§ **THE TASK**
Restate word for word the lines below that run from the one holding "ROYAL CANIN® Light" through the one holding "40. What do", inclusive. Pictures don't belong in the copy.

[GIVEN INFORMATION Boundary: Start]

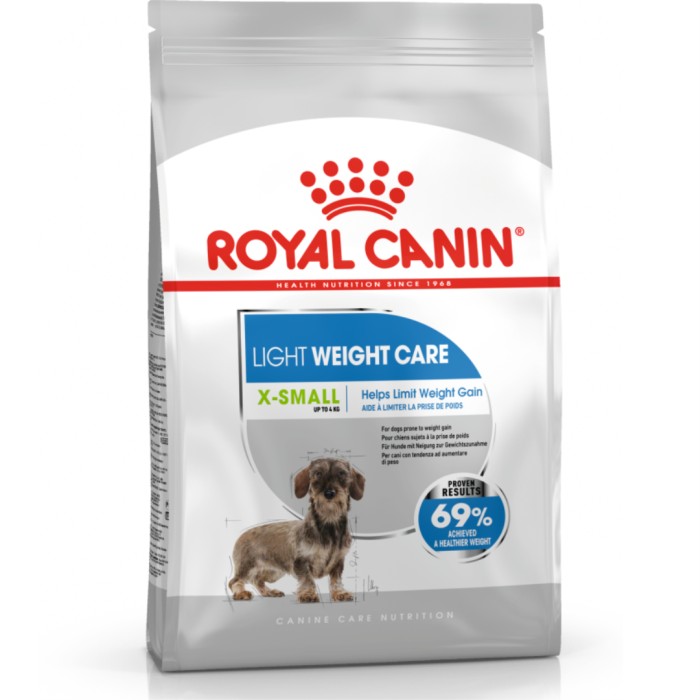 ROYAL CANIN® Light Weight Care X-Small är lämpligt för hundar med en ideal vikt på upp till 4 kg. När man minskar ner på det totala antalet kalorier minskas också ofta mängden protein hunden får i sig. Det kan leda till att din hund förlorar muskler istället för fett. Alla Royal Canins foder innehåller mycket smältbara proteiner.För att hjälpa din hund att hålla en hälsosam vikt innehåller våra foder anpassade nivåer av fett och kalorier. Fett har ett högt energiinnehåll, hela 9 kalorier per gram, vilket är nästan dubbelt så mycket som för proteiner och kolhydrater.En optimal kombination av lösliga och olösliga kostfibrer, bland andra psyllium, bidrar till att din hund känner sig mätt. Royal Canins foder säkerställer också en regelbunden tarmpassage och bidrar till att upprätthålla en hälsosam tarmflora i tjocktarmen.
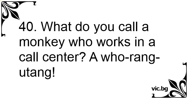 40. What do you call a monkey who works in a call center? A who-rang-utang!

[GIVEN INFORMATION Boundary: End]
[GIVEN INFORMATION Boundary: Start]

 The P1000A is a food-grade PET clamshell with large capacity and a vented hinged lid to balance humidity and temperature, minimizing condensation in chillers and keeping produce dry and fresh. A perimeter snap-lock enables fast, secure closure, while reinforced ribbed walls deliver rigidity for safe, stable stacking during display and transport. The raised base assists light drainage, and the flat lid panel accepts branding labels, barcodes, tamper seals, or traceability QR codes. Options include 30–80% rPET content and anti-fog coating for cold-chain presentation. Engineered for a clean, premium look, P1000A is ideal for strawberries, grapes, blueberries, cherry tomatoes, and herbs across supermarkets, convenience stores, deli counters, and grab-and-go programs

[GIVEN INFORMATION Boundary: End]

§ **TASK RESULT**
 ROYAL CANIN® Light Weight Care X-Small är lämpligt för hundar med en ideal vikt på upp till 4 kg. När man minskar ner på det totala antalet kalorier minskas också ofta mängden protein hunden får i sig. Det kan leda till att din hund förlorar muskler istället för fett. Alla Royal Canins foder innehåller mycket smältbara proteiner.För att hjälpa din hund att hålla en hälsosam vikt innehåller våra foder anpassade nivåer av fett och kalorier. Fett har ett högt energiinnehåll, hela 9 kalorier per gram, vilket är nästan dubbelt så mycket som för proteiner och kolhydrater.En optimal kombination av lösliga och olösliga kostfibrer, bland andra psyllium, bidrar till att din hund känner sig mätt. Royal Canins foder säkerställer också en regelbunden tarmpassage och bidrar till att upprätthålla en hälsosam tarmflora i tjocktarmen.
 40. What do you call a monkey who works in a call center? A who-rang-utang!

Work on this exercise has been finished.